* Requirement
From the data that follows, set down exactly the lines from the one with "Куриные фрикадельки в" through the one with "第二十届瑞银大中华研讨会上展示的珍肉人造肉汉堡", counting both. Pictures stay out.

* Records shown
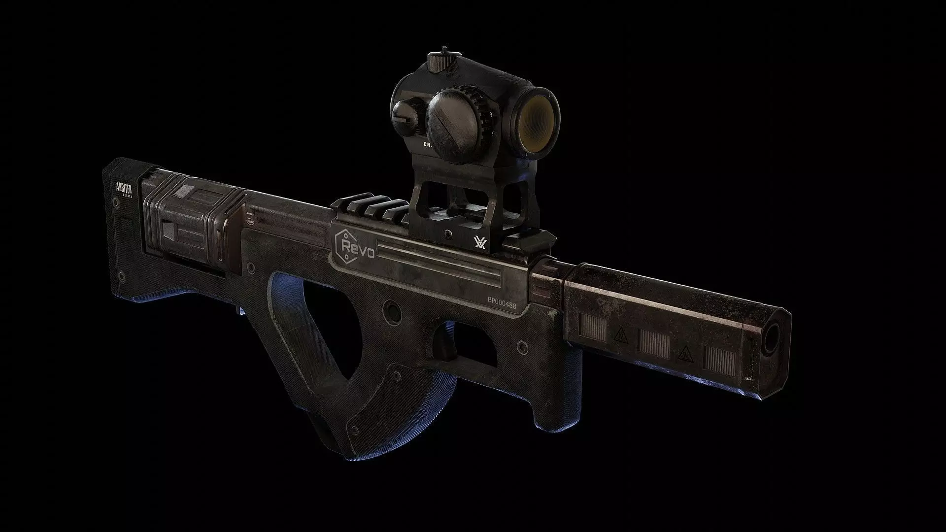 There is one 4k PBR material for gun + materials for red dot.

==

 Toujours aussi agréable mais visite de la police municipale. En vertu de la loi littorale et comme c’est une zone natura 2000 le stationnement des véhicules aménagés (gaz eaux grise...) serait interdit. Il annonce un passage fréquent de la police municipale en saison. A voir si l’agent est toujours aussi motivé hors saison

...

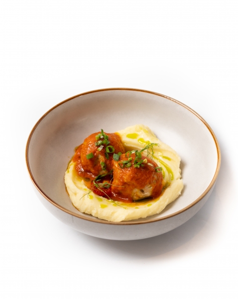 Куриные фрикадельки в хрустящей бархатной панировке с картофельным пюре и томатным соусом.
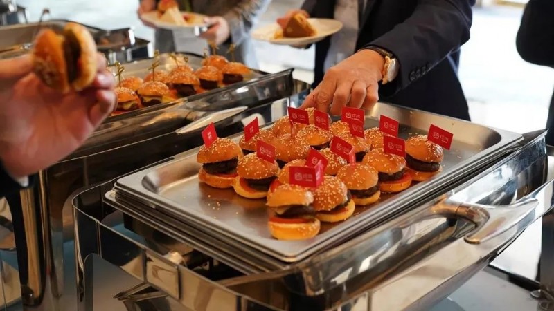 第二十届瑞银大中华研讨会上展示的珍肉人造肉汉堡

* Solution to this problem
 Куриные фрикадельки в хрустящей бархатной панировке с картофельным пюре и томатным соусом.
 第二十届瑞银大中华研讨会上展示的珍肉人造肉汉堡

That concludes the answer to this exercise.